James-Carroll · January 26, 2022, 1:28pm

Regarding the portal versions being different, it brings up a point of how the portals treat files vs folders. There’s no folder support in 20.04, so any folder access won’t have the proxying. Newer Portal versions do have folder support however, so I’m focusing on these.

I haven’t managed to test if the UI is any different but my expectation is that it runs exactly the same apart from it obviously selects folders, not files.

I’d have to question then, what’s the difference? The user can give access to an entire folder if they want to, the snap could be malicious and trick them into making a poor choice (“give me access to $HOME!”).

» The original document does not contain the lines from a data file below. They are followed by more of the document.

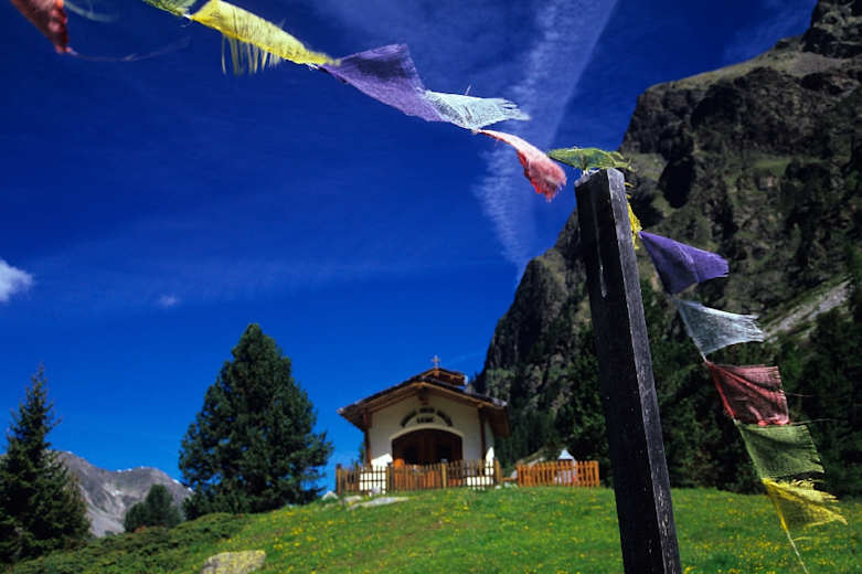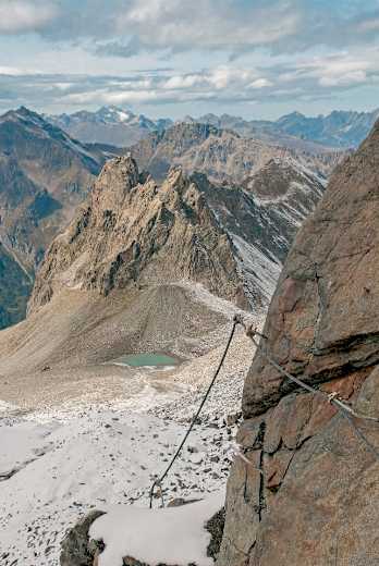 Wir können die Steilstufe umgehen, indem wir wenige Kehren in der Geröllrinne aufsteigen, dann nach links an den Fels queren und dort dem Stahlseil folgen. Einige Stifte wurden hier als Tritthilfe lose in die Wand gesetzt. Am vorläufigen Ende der Stahlseilversicherung queren wir nach rechts in die Rinne hinüber und steigen in wenigen Kehren nach links zurück an den Fels, wo uns eine Kette den weiteren Aufstieg erleichtert. Das letzte Stück hinauf zum Aperen Madatschjoch, 3.030 m, steigen wir wieder in Kehren auf.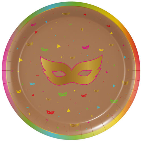 צלחות נייר גדולות עם עיטור מסיכה, מושלם לפורים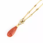 750 yellow gold, hallmarked, 6 brilliant and princess cut diamonds, total approx. 0.20 ct, H, vs, drop shaped coral pendant, length 39.4 cm, weight approx. 13.5 g. CITES - no shipping outside the EU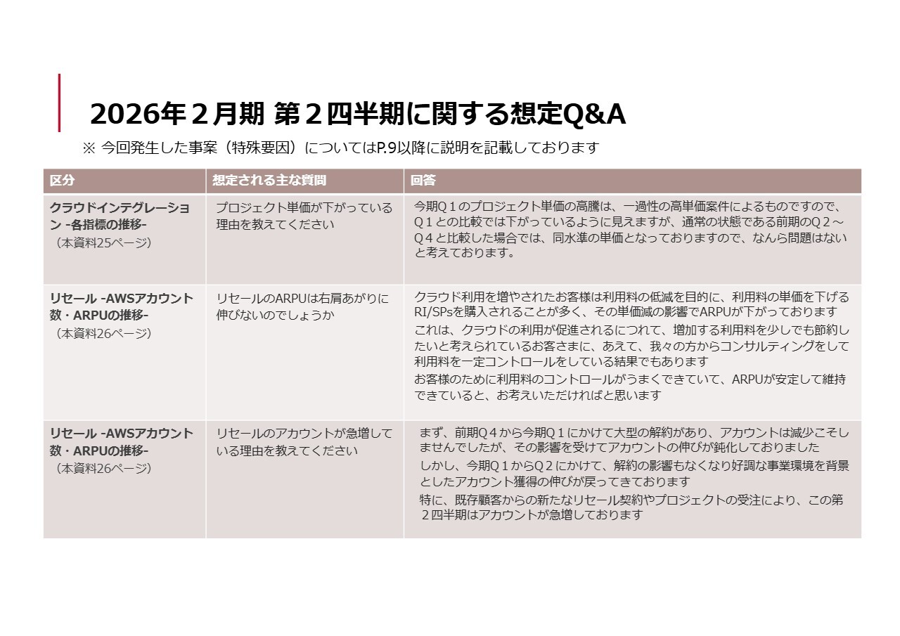 1つ目は、「クラウドインテグレーションの分野で、プロジェクト単価が下がっている理由を教えてください」というご質問です。第1四半期に非常に高単価な案件があったため、一過性の要因と考えています。これを除けば、順調に右肩上がりを続けているというのが当社の理解です。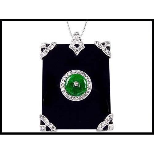 This remarkable platinum, onyx, jade and diamond pendant is an art deco design masterpiece. 67 round cut sparkling diamonds of nice color and quality, and a fine color natural precious jade are set within polished onyx. This stunning pendant measures 37mm ( 1 7/16") x 25mm (1") . Good luck to you if you think you can find a platinum pendant like this for less than about $3,000.00.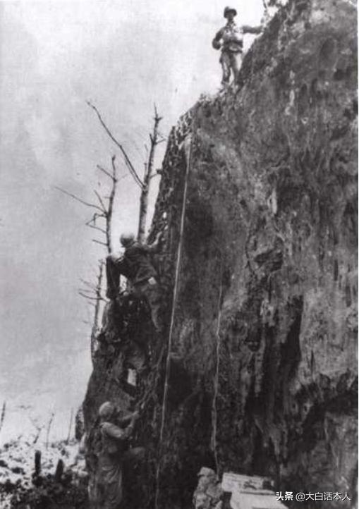 但实际情况呢,钢锯岭峭壁,真实效果长这样,来自1945年的老照片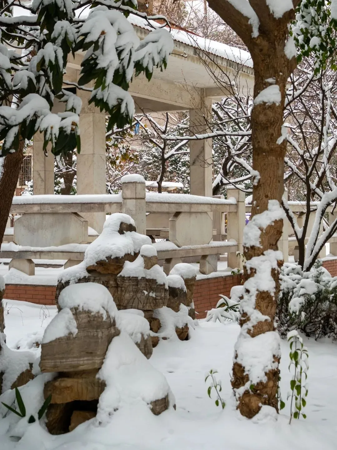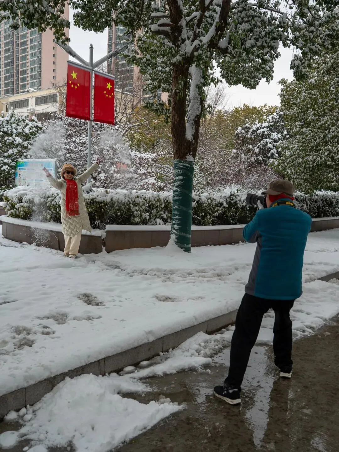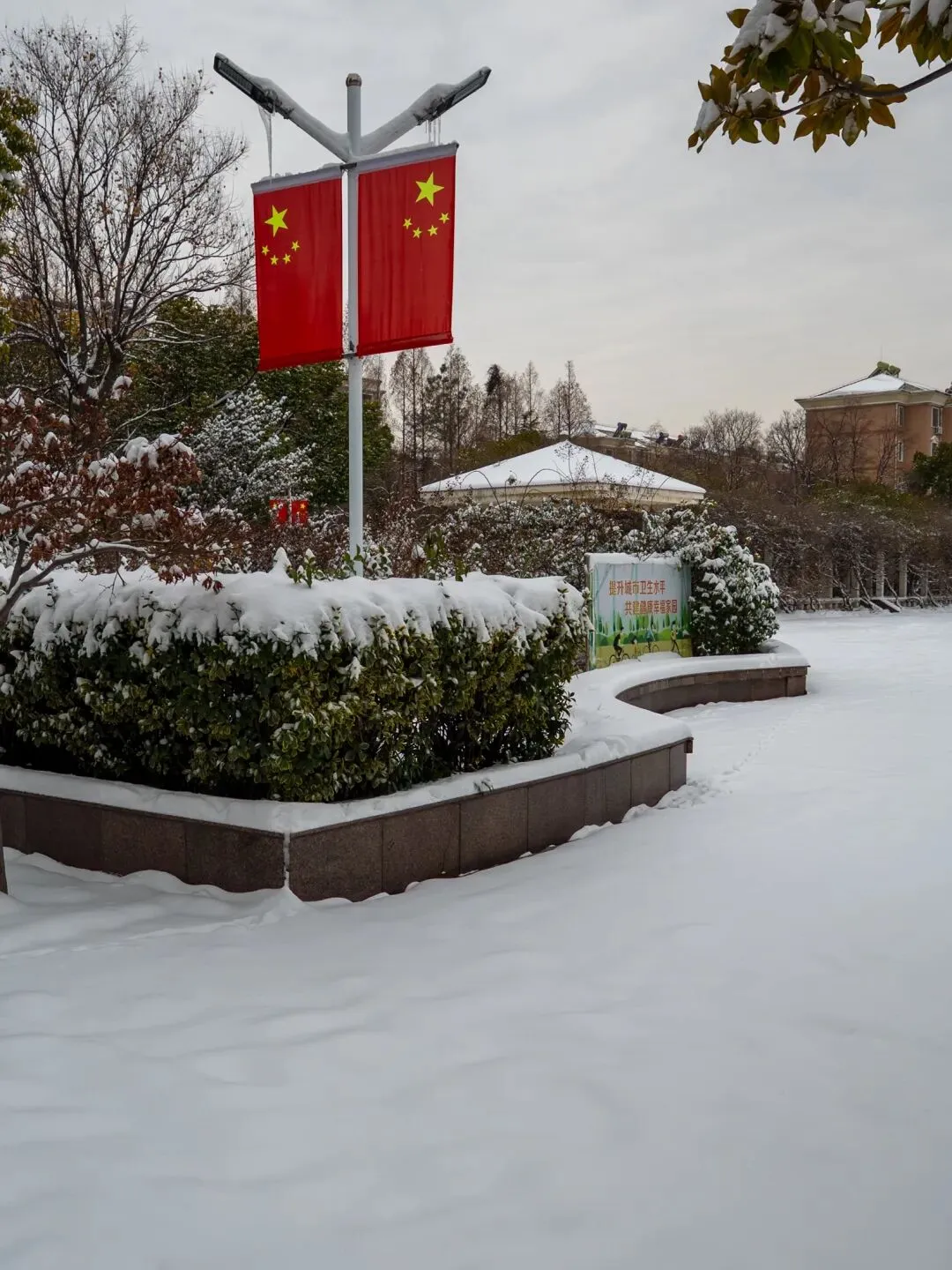 积雪铺满广场地面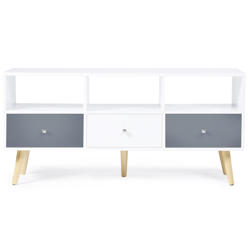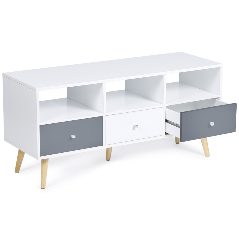 ទូរទស្សន៍ #Cabinet នេះទទួលយកការរចនាកន្លែងផ្ទុកពីរជាន់។ មានបន្ទប់ស្តុកទុកចំនួនបីដែលមិនមានការស្ទះនៅផ្នែកខាងលើ ហើយខ្សែឧបករណ៍ពហុមេឌៀ និងឧបករណ៍អគ្គិសនីអាចឆ្លងកាត់បានយ៉ាងងាយស្រួល ដោយធានាបាននូវការផ្ទុក និងការប្រើប្រាស់ឧបករណ៍ផ្សេងៗនៅក្នុងបន្ទប់។ ផ្នែកខាងក្រោមនៃទូរទស្សន៍ #Cabinet គឺជាការរួមផ្សំនៃប្រអប់ផ្ទុកទិន្នន័យពណ៌ប្រផេះ និងសចំនួនបី។ ធាតុតូចៗ និងធាតុឯកជនអាចត្រូវបានតម្រៀប និងរក្សាទុកក្នុងថតឯកសារខាងក្រោម។ ថតត្រូវបានបំពាក់ដោយចំណុចទាញដែលមានទាំងការតុបតែង និងជាក់ស្តែង ដែលធ្វើឱ្យវាកាន់តែងាយស្រួលសម្រាប់អ្នកប្រើប្រាស់ក្នុងការរក្សាទុក និងយករបស់របរនៅក្នុងថត។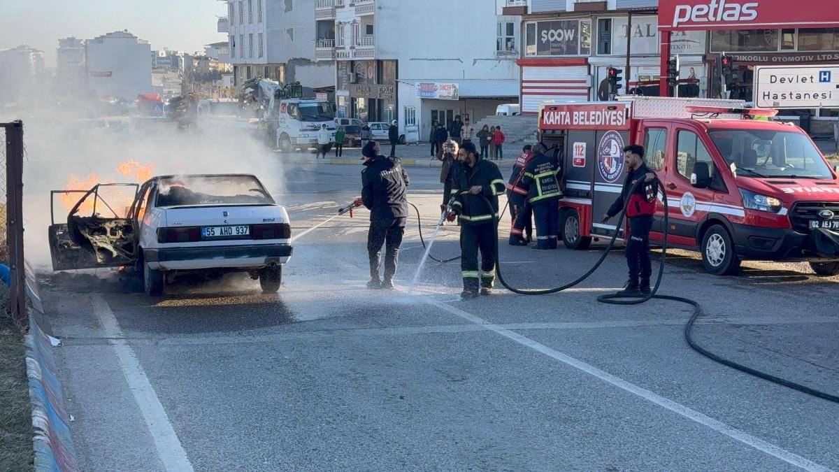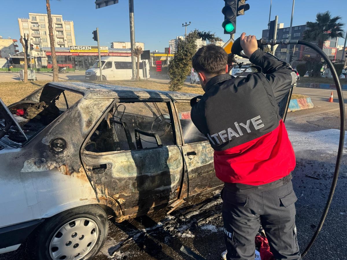 Olayda, H.A. yönetimindeki Tofaş marka otomobil, seyir halindeyken henüz belirlenemeyen bir nedenle alev aldı.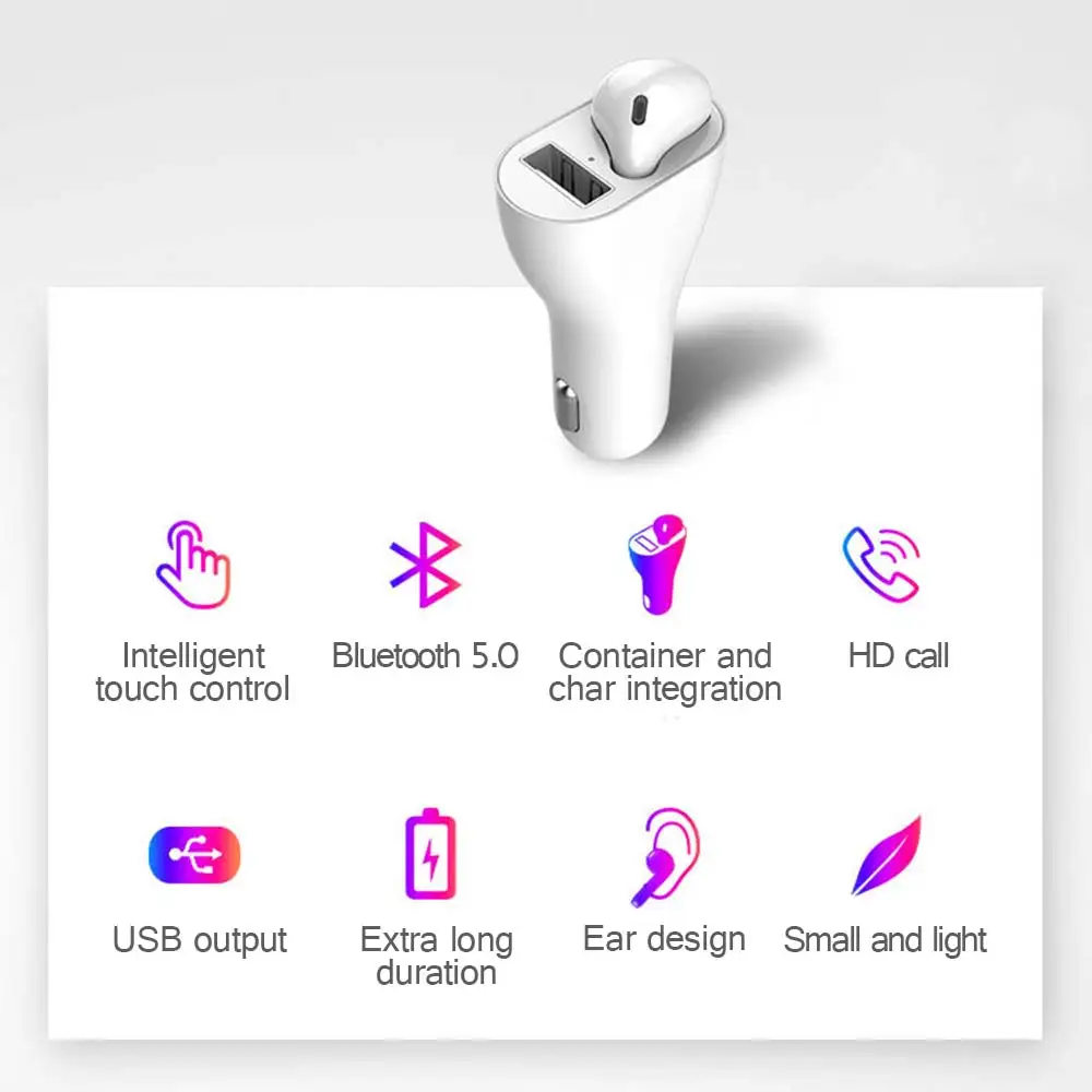 * 2 в 1 полезный комплект для автомобиля с Bluetooth: умное автомобильное зарядное устройство с одним портом USB + беспроводные bluetooth-гарнитуры (автомобильное зарядное устройство на автомобиль + мини-гарнитура с Bluetooth в ухо).

I’m unsure if this is recursive (e.g, would that then enable stealing $HOME/.ssh ?) because I haven’t tested it, but it doesn’t matter in this instance.

If it’s already considered that individual folders are fair game, then IMO, the better hypothetical API is to select a location, which may be either folder or file. If it’s folder, then it obviously mounts the folder. If it’s a file, it still mounts the entire folder, but gives the path of the file.

From a security POV the individual file access is obviously superior, but speaking practically, we’ve already conceded that folders are a valid target, except now we have a dichotomy where you think you have access to a folder with one API, but actually don’t.